Анна, помнится, запрокинула изумленные, сверкающие глаза. Федор толком не разглядел тогда, но, кажется, были в них, в ее глазах, все-таки слезы.
Через неделю Федор находился уже за Волгой, рыл учебные окопы, ходил в ночные учебные атаки, ползал по-пластунски и дырявил из винтовки мишени, на которых был изображен силуэт немецкого солдата в каске. Такая жизнь продолжалась больше двух месяцев. Потом всю дивизию, в которой он служил, погрузили в теплушки и повезли куда-то. По составу сразу же разнесся слух — на Кавказ. На Кавказе Федор никогда не был, с любопытством оглядывал места, по которым медленно тащился поезд, но долго ничего особенного не видел — степи, лощины, невысокие каменистые холмы. Уж нет-нет начали виднеться вдали черные громадины гор…

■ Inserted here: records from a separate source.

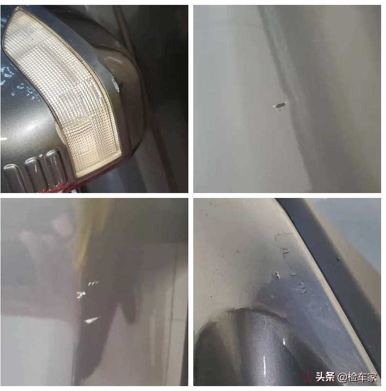 开始检测,按老规矩还是先绕车一周检查漆面划痕和各种漆面瑕疵,整体漆面从肉眼观察来看一圈漆没跑了,具体的漆面情况我们用漆膜仪再看看下结论,也是因为一圈漆所以漆面划痕很少,但还是免不了一些瑕疵和爆漆的情况。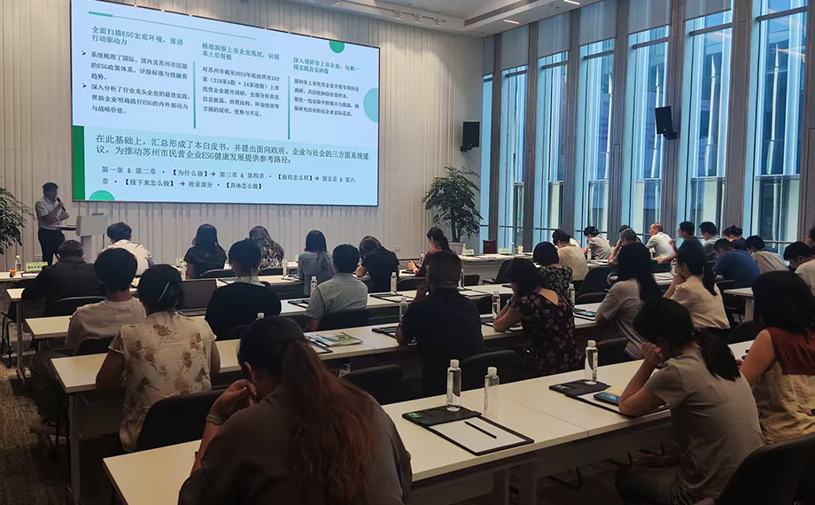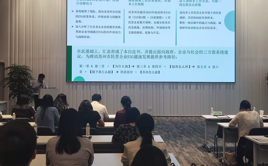 活動上,園區(qū)城市發(fā)展研究院分享了ESG發(fā)展近況及園區(qū)ESG領(lǐng)域的特色亮點(diǎn),展示了ESG公共服務(wù)平臺的相關(guān)功能模塊。蘇州市企業(yè)可持續(xù)發(fā)展聯(lián)合會介紹《蘇州市民營企業(yè)ESG發(fā)展白皮書》,圍繞白皮書編制背景與核心內(nèi)容進(jìn)行解讀。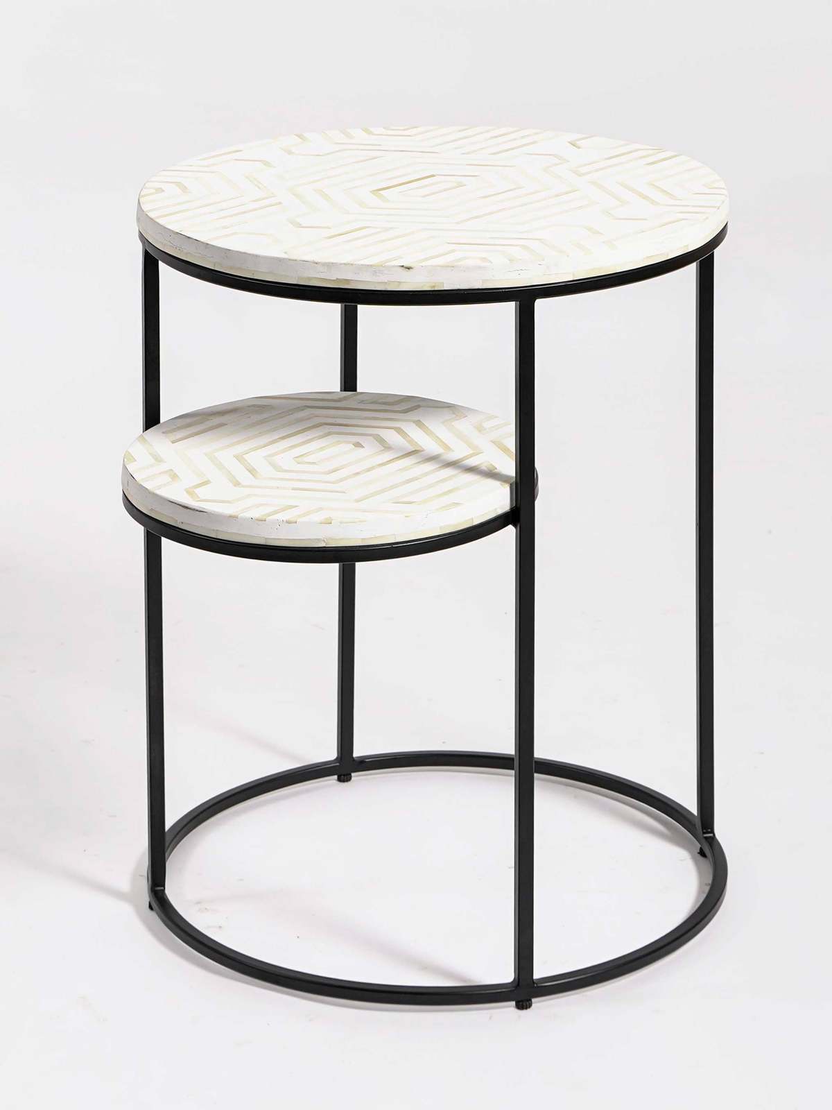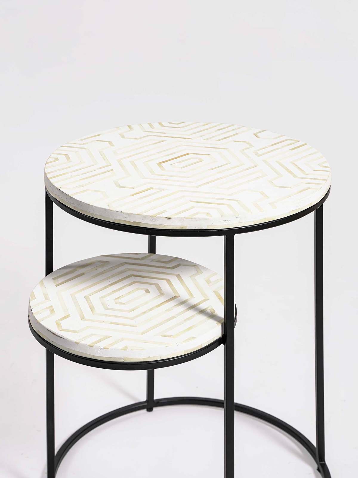 Add a splash of elegance and versatility to your space with our Azure Inlay Nesting Tables. Handcrafted by skilled artisans, each table features a stunning white-and-white inlay pattern that reflects timeless craftsmanship and modern charm.
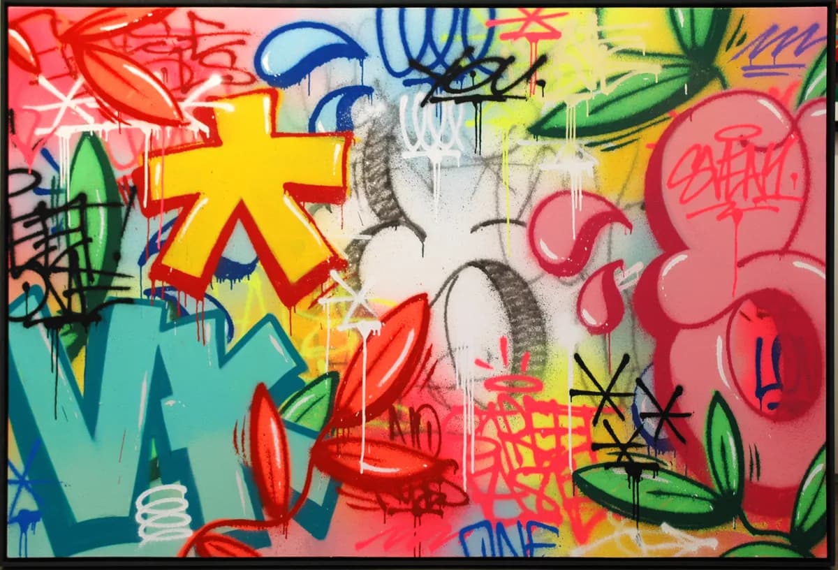 Acrylique et spray sur toile 120 x 180 cm Pièce unique Cornière en bois noir (125 x 185 x 5 cm) Signée par l’artiste Certificat d’authenticité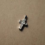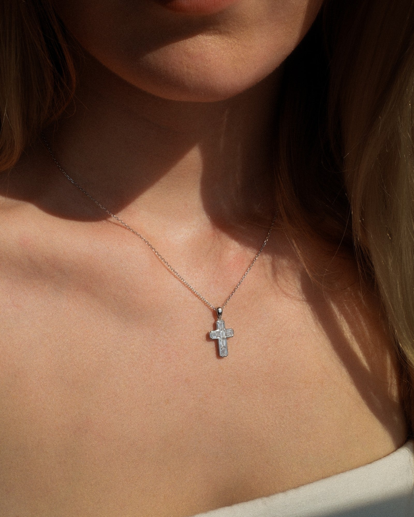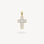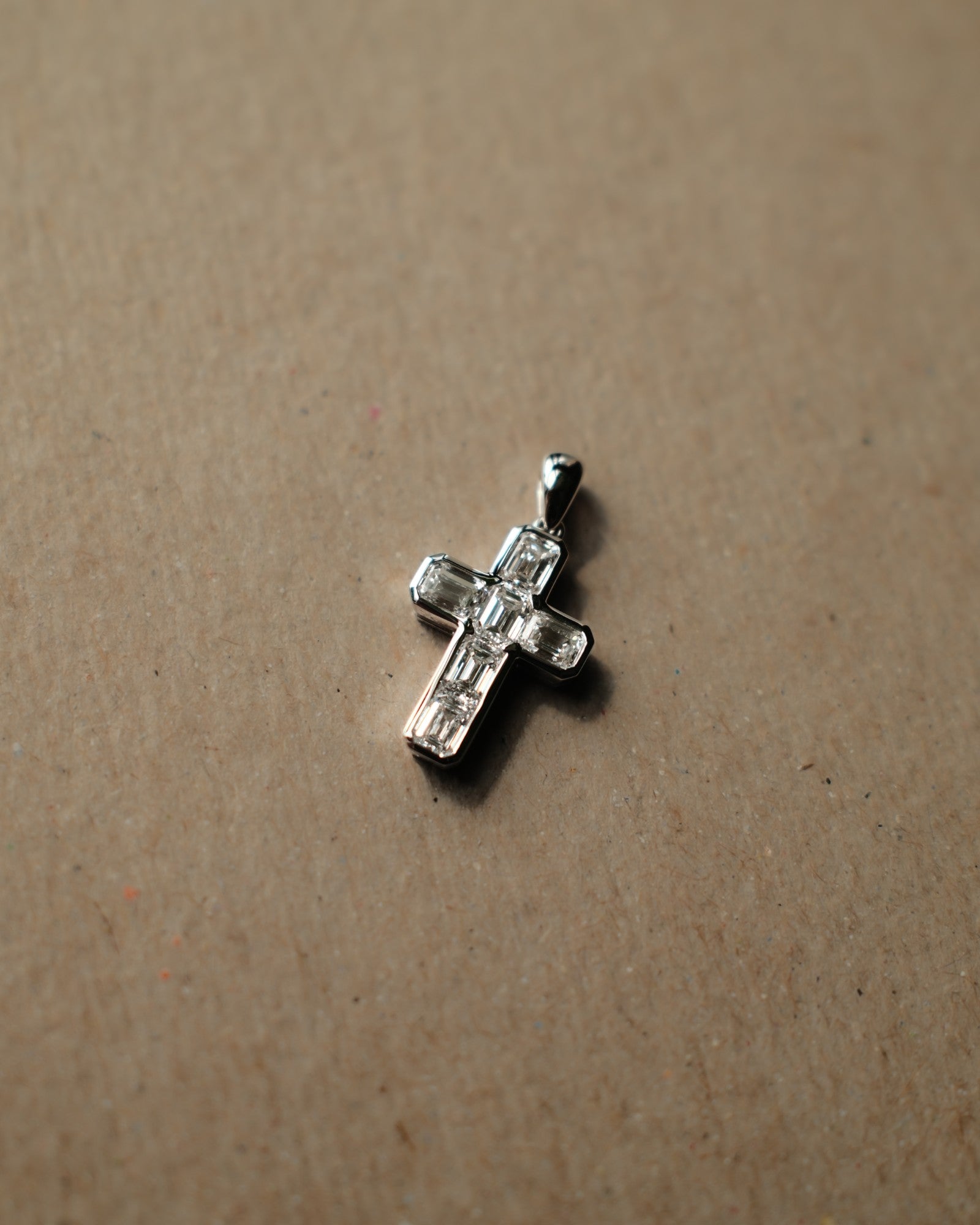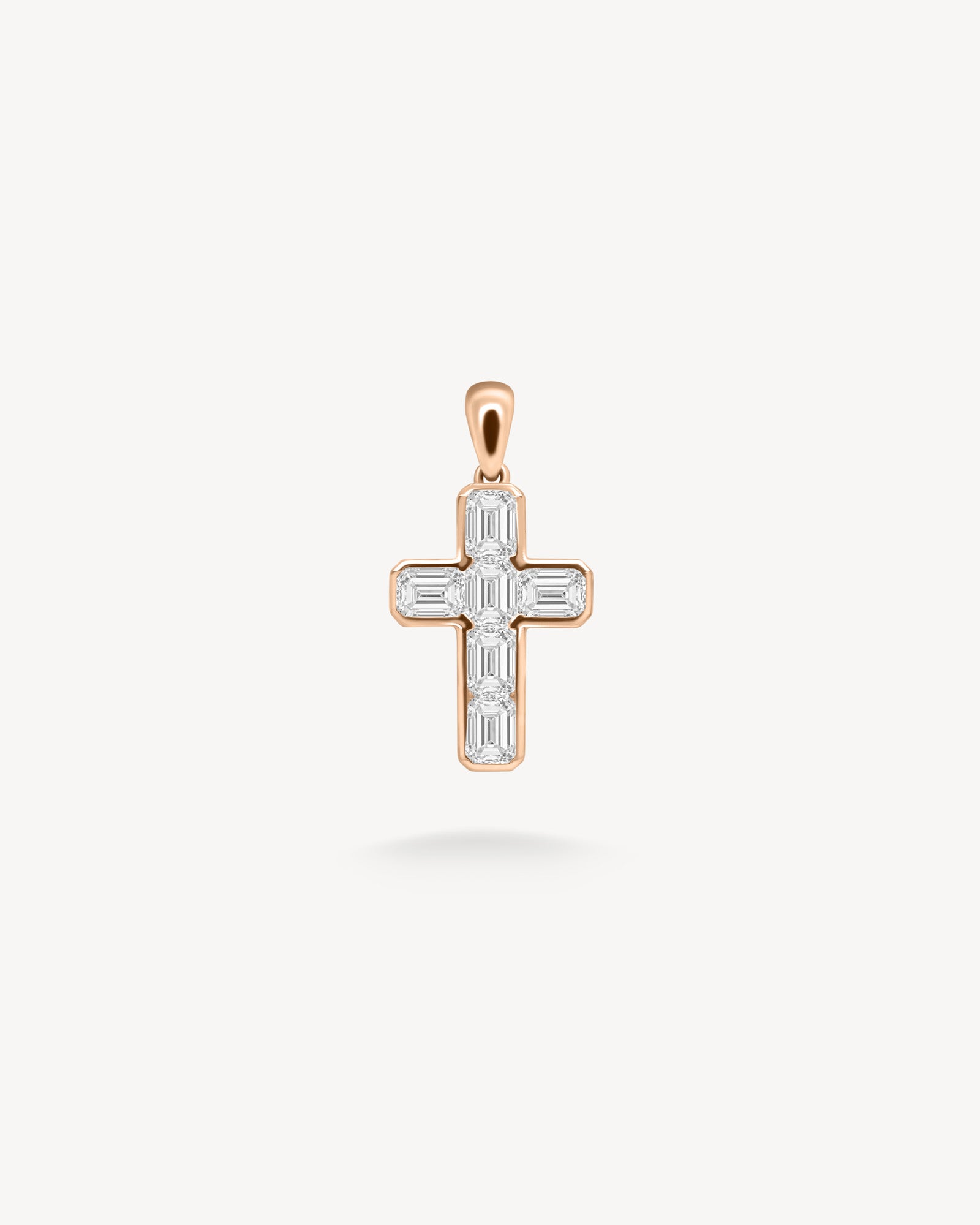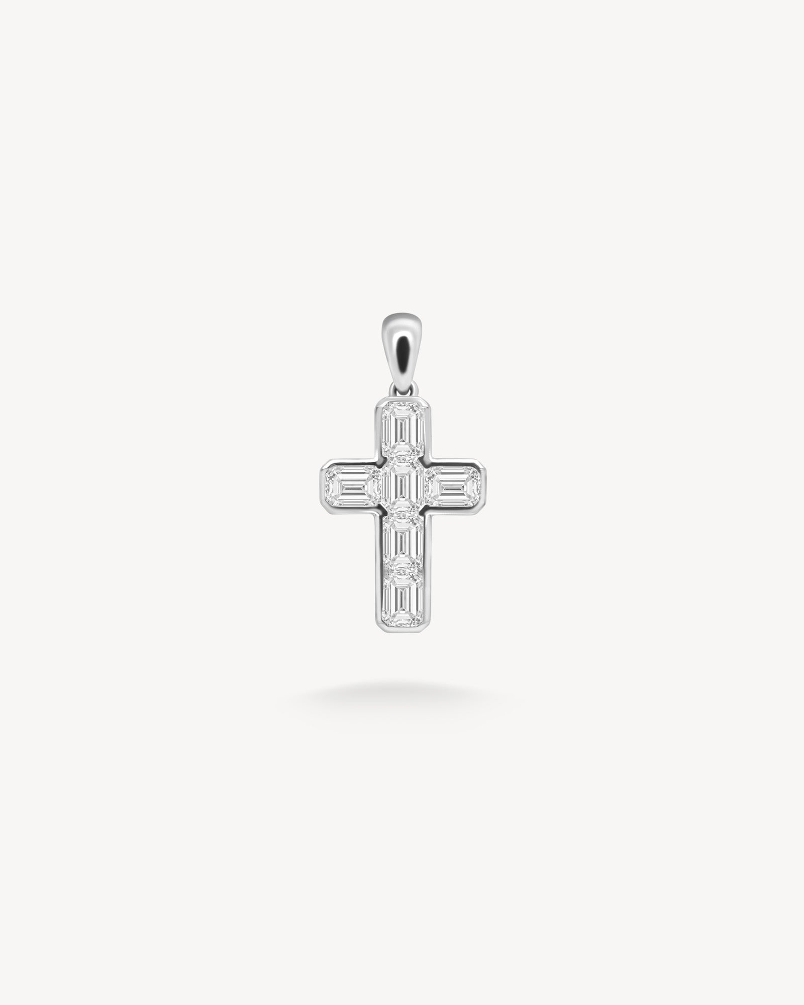 A minimal yet defined cross made entirely of emerald cut diamonds. Add it to your favorite chain for a crisp, structured take on a meaningful shape.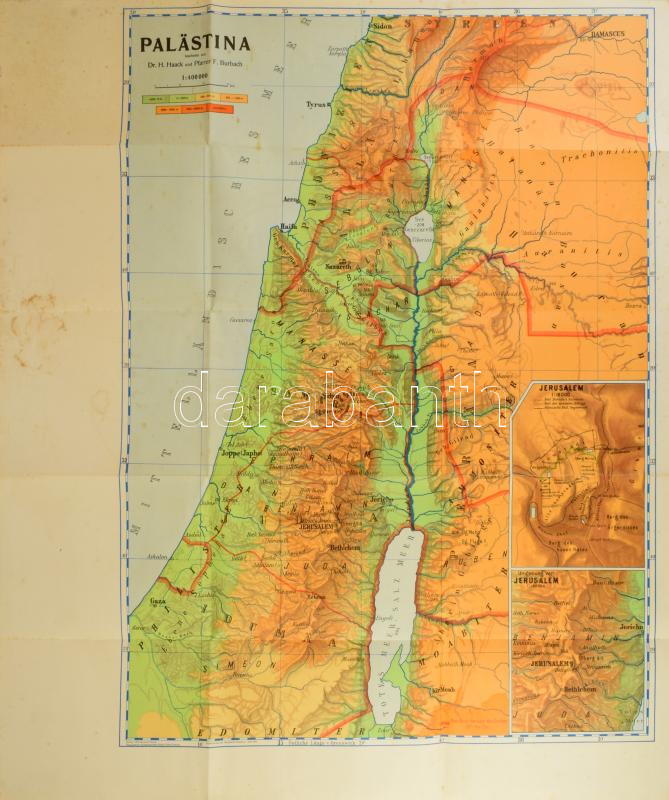 Palästina térképe, készítette: Dr. H. Haack és Pfarrer F. Burbach, 1:400 000, 80×66 cm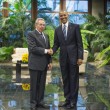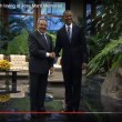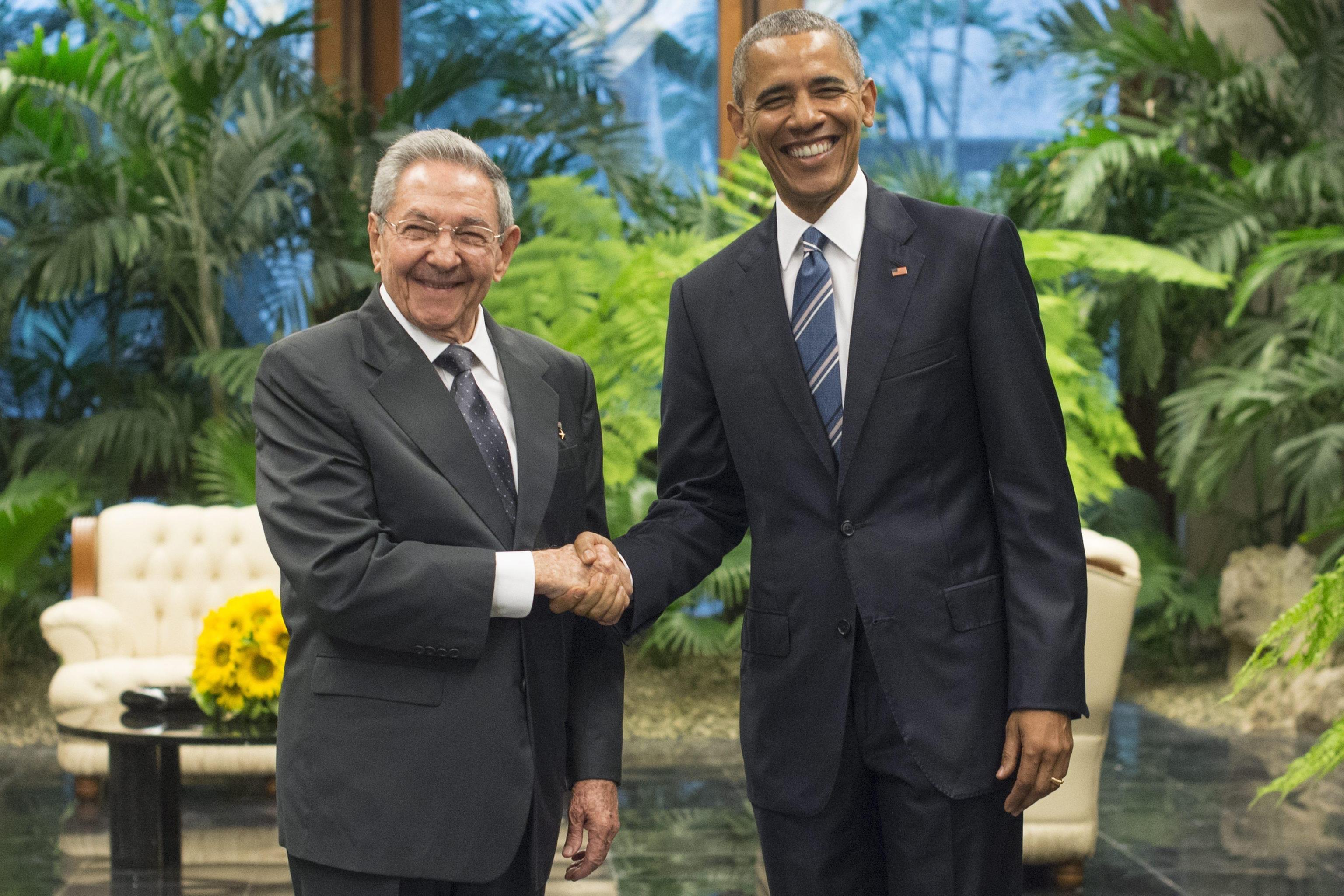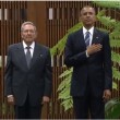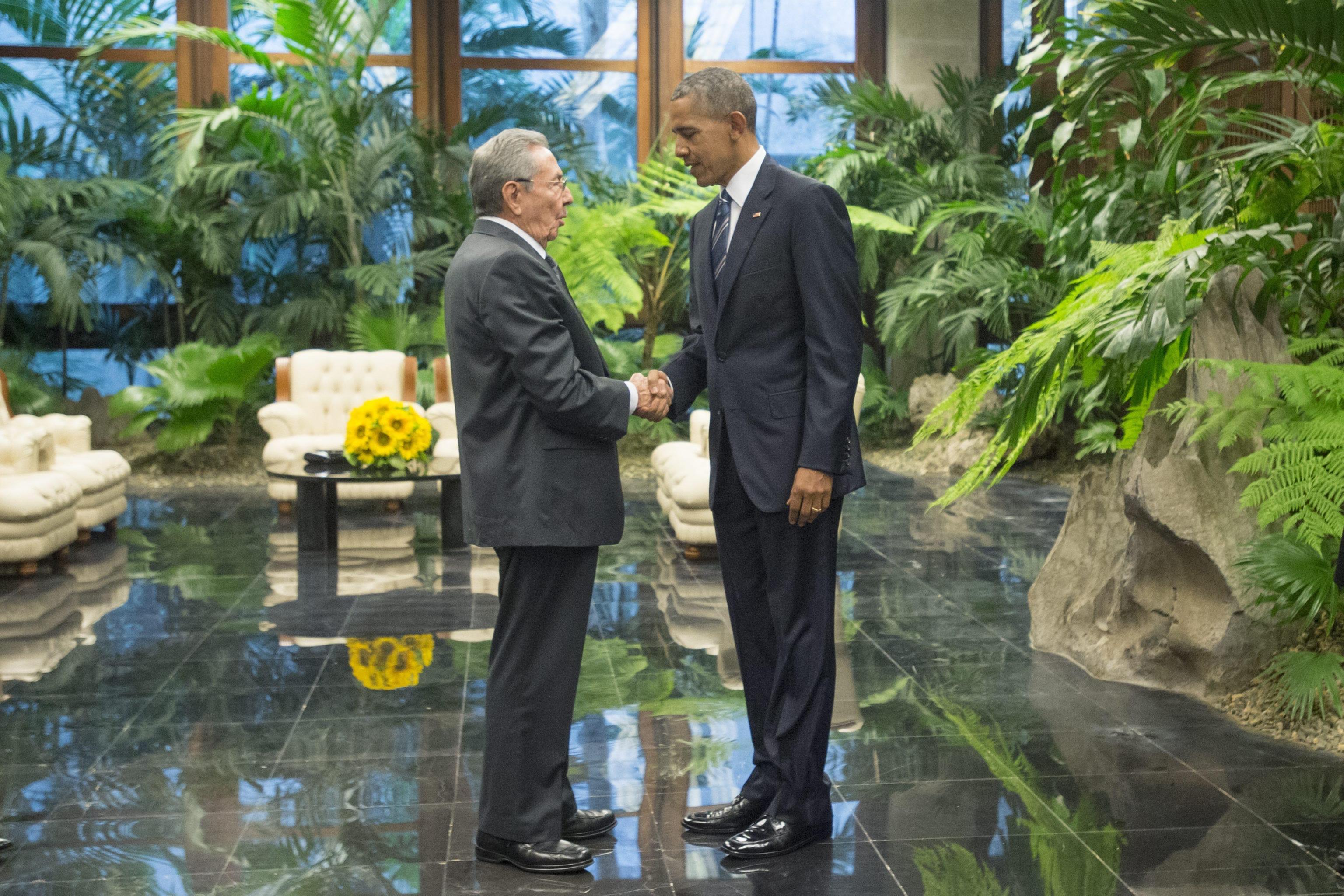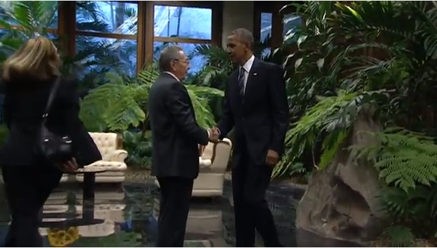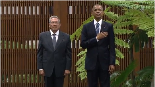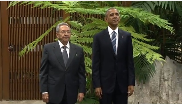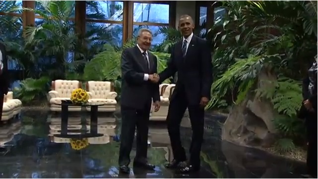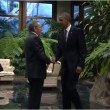 L’AVANA, CUBA – Obama-Castro: storica stretta di mano al Palazzo della Rivoluzione de L’Avana (FOTO E DIRETTA) fra il presidente degli Stati Uniti, Barack Obama, e il presidente cubano Raul Castro, fratello minore del “leader maximo” Fidel Castro. Storica stretta di mano tra il presidente cubano Raul Castro ed il presidente americano Barack Obama oggi al Palazzo della rivoluzione a L’Avana. La banda dell’esercito cubano ha eseguito i due inni nazionali. Per la prima volta l’inno americano è risuonato nel Palazzo della Rivoluzione. Obama è il primo presidente statunitense a rendere visita ufficiale a Cuba dopo Calvin Coolidge, che venne a L’Avana 88 anni fa.

Разгрузились ночью где-то под городом Нальчиком, на пыльном полустанке, где возле единственного длинного барака росло несколько чахлых деревьев, поротно двинулись прочь по каменистой дороге. Камни хрустели под ногами, непривычно едкая пыль лезла в рот и ноздри, въедалась в глаза, и к рассвету заняли окопы, отрытые, выдолбленные ранее оборонявшимися здесь войсками чуть ли не в сплошном камне в полный рост. Всем было объяснено, что в нескольких метрах вдоль реки, которая называется Баксан, расположены немецкие окопы, что фашисты могут в любую минуту начать наступление и что оборонять позиции приказано до последнего дыхания.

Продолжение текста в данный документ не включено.